I also think that True Lies isn't intended (or, generally, recieved) as a model for relating to the world, healthy or otherwise. I've done this rant elsewhere on topics like rape fantasy, but basically I believe that there's a whole genre of literature and media that exists to bleed off, externalize, play out in a safe environment, impulses which many if not all of us have but it would be bad for society to exercise in real life.

It's like a carnival Lord of Misrule in medieval society -- the idea is not to follow it like a prescription, but to give resentment and envy and mockery a safe outlet, and it actually shored up the regular rulers the rest of the time.
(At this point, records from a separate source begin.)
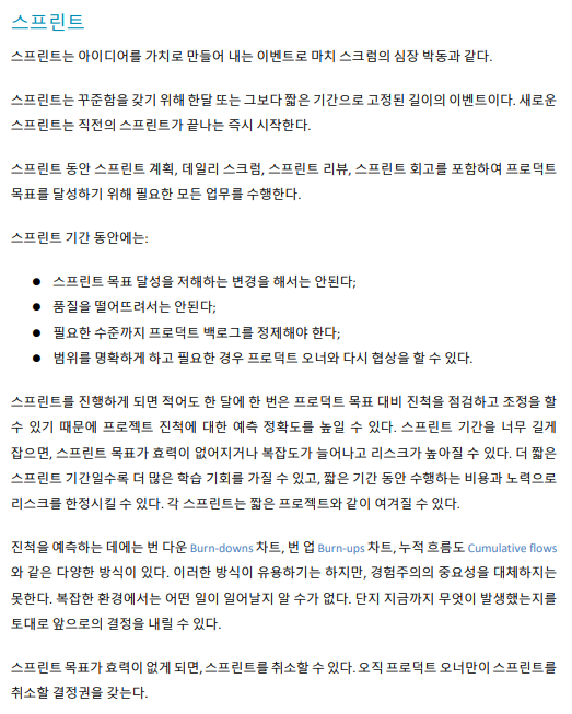 스크럼 가이드에서 '스프린트'가 설명된 부분이다.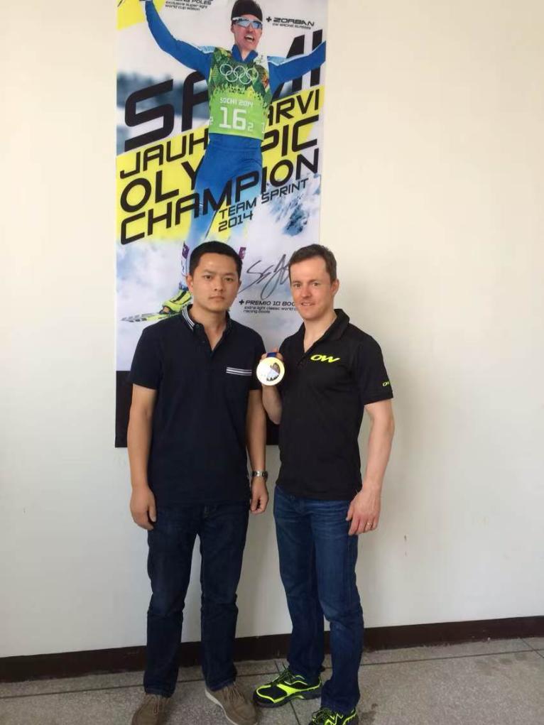 厦门彼尔纤维制品有限公司总经理张雄辉(左)与芬兰冬奥冠军乔霍贾维(右)在公司合影。受访者供图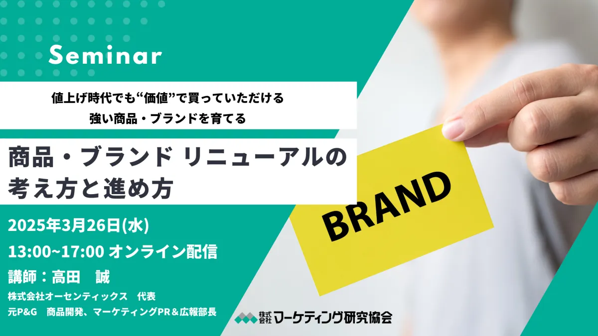 2025年3月26日、株式会社マーケティング研究協会は「商品・ブランドリニューアルの考え方と進め方」というテーマでセミナーを開催します。近年、さまざまな環境変化により、企業は商品やブランドのリニューアルに苦慮しています。このセミナーでは、元P&Gの商品の開発に関わってきた高田誠氏が講師を務め、成功へ導くための具体的なノウハウや戦略を解説します。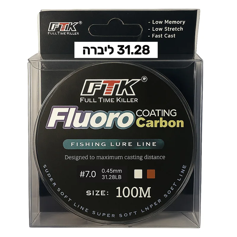 חוט הפלורוקרבון מבית FTK הוא כלי עזר חיוני לדייגים השואפים לרמת דיוק גבוהה. הפלורוקרבון מאופיין בתכונות פיזיקליות ייחודיות המעניקות לו יתרון כפול: שקיפות אופטית גבוהה במיוחד הגורמת לו להיות כמעט בלתי נראה במים, ועמידות מכנית גבוהה בפני חיכוך ושחיקה מול עצמים קשיחים ושיני דגים.
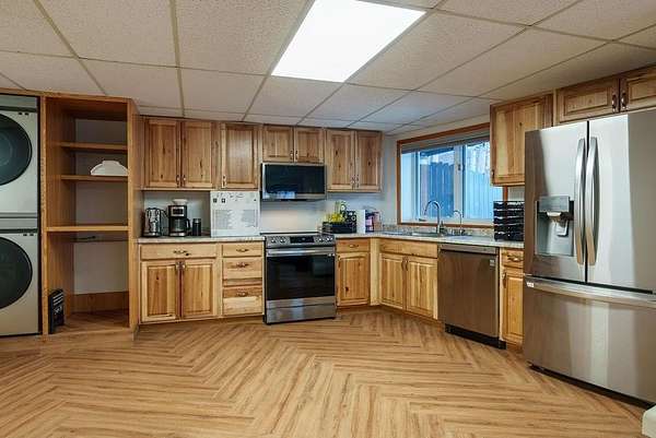 Need space? This one truly delivers, inside and out! Set on 8 private acres just minutes from town, this expansive 6-bedroom, 4-bath home with a 2-car garage offers the ideal setup for multi-generational living, large households, or anyone craving room to spread out. Guests are welcomed through a spacious Arctic entry into a bright and open main level featuring vaulted ceilings and a wall of south-facing windows that flood the home with natural light. The living room flows seamlessly into the dining area and kitchen, creating the perfect space for hosting and everyday living. The primary suite is a standout feature—exceptionally large, comparable in size to a one-bedroom apartment, complete with a beautifully updated private bath that feels like its own retreat. Additional bedrooms across the main and upper levels are generously sized, with ample storage throughout. A charming catwalk loft offers a cozy nook, perfect for reading or relaxing. Downstairs, a fully renovated 2-bedroom, 1-bath mother-in-law unit, completed by Alyeska Builders, provides excellent flexibility for guests, rental potential, or extended living space. Additional highlights include numerous updates, a full backup generator system, and a peaceful natural setting with a creek running through the property. Enjoy the best of both worlds, privacy and tranquility with easy access to nearby trails, parks, golf courses, and skiing. This property offers endless possibilities, come experience it for yourself!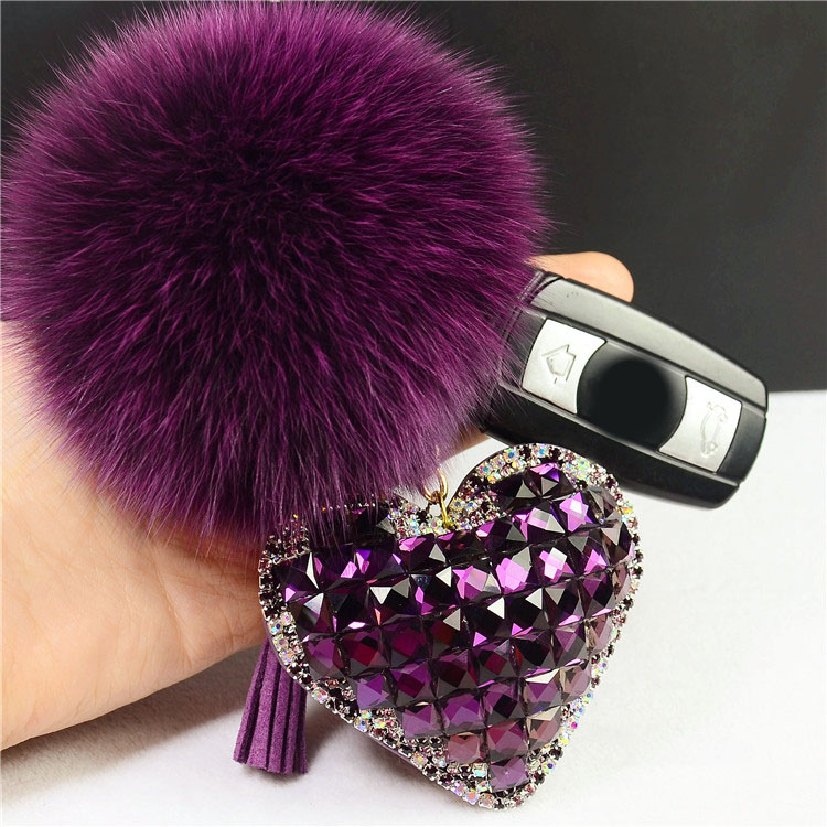 Korea's large crystal fox fox ball car key kyline key chain creative hanging female cute plush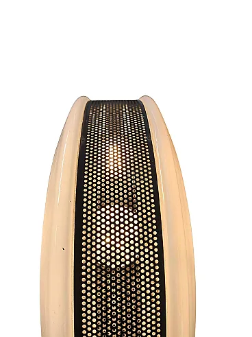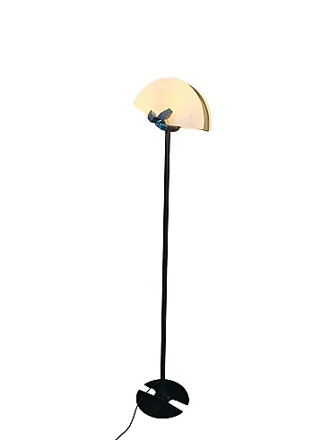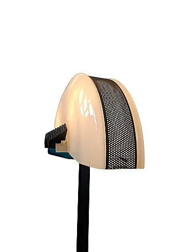 Stunning designer plantain lamp dating back to the 1970s/1980s, a piece that combines the solidity of industrial style with the refinement of Venetian artisanal glass. It features a solid iron load-bearing structure, featuring the iconic "U" base, designed to blend seamlessly with desk, table, or sofa legs, optimizing space. The focal point is the rectangular indirect light shade (uplighter), which houses: A diffuser in fine white Murano glass (ideal for soft and uniform light scattering). Elegant blue blown glass details, giving a unique and handcrafted touch of color. TECHNICAL DETAILS: Electrical system: Dual ignition with 2 E27 connections (perfect for modern high-power LED bulbs). Materials: Iron and Original Murano Glass. Height: 176 cm. Dimensions Lampshade: Width 40 cm Depth 22 cm. Base: Width 31 cm (space-saving fork design). Weight: about 10 kg (guarantees extreme stability). STATE OF STORAGE: The lamp is in excellent vintage condition, only the base has some bubbles in the paint, the rest of the iron structure is intact and the glass has no spinning or peeling. Ideal for professional studios, industrial-style lofts or living rooms looking for a piece of character.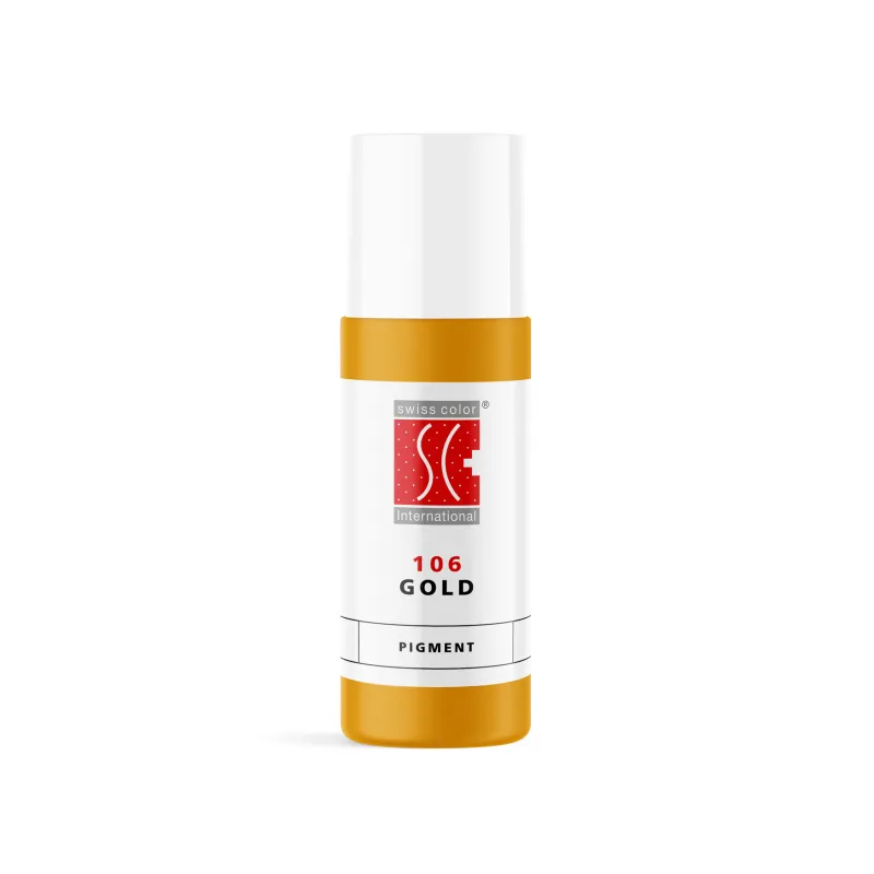 106 Gold – придава на веждите красив блондиран нюанс. Благодарение на неорганичния си състав увеличава трайността на другите цветове. При изсветляване на кафяви тонове използвайте 103 Orange за свеж вид и 106 Gold за естествен меден блонд ефект. Пигментът е високо концентриран и интензивен, затова се добавя постепенно и внимателно. Колкото повече 106 Gold се добави, толкова по-светъл ще бъде резултатът. Подходящ е и за смесване на цветове за устни, камуфлаж и пигментация на ареолата за естествен естетичен вид.

I put action movies and most pornography into this category, so to me, to debate them as models is, to me, like critiquing a roller coaster for it's unsafe model of train construction. If it were such a model, it certainly would be unsafe, but it isn't. It's a sanitized alternative, a way to experience the adrenaline thrill of a runaway train without the real pain, just like a romance is a way to experience the thrill of connection without the real risk.

Mer

[identity profile] witling.livejournal.com 2004-04-28 10:06 pm (UTC)(link)
I'm going to subside here, because I need to be quiet with my smooth, smooth brain, but just to clarify--I wasn't saying you were positing a single, monolithic need. That was me, talking to myself. Which I do fairly often, in fact.

The bleed-off theory...maybe. I don't know. I'm a fence-sitter, somewhere between Dworkin and you. There are so many studies showing a correlation between viewing violent acts and increased tendencies to violence. It makes intuitive sense, which doesn't necessarily mean it's correct--intuitively, the planet's flat. But there are people out there studying violence in the media, and they seem to keep finding the same things, more or less. Feed your brain a diet of first-person shooter games and Schwarzenegger flicks, and you have a higher chance of being predisposed to violent or otherwise antisocial behavior.

What that says about porn, I don't know. I like porn. Porn is good.

::pets porn::

Thank you for such good points about all of this--it's been very good sharing thoughts with you.

[identity profile] stakebait.livejournal.com 2004-04-29 03:09 pm (UTC)(link)
*hugs* Have a nice quiet time with your smooth brain. Lemme know if you ever are bored and want to talk about those studies.

Mer

[identity profile] nightstalker.livejournal.com 2004-04-30 03:59 am (UTC)(link)
Feed your brain a diet of first-person shooter games and Schwarzenegger flicks, and you have a higher chance of being predisposed to violent or otherwise antisocial behavior.

Wouldn't a more reasonable conclusion be that people who are predisposed to violent or anti-social behavior are are more likely to watch action movies and play violent video games?

[identity profile] witling.livejournal.com 2004-04-30 04:16 am (UTC)(link)
I'll have to find the studies, I guess. I don't know whether your suggestion is more reasonable or not, offhand.

Sorry it took so long for me to dig it up.

[identity profile] nightstalker.livejournal.com 2004-05-06 05:46 pm (UTC)(link)
Usually it's the newspapers who distort causation and correlation, but in this case, it seems the researchers did it too.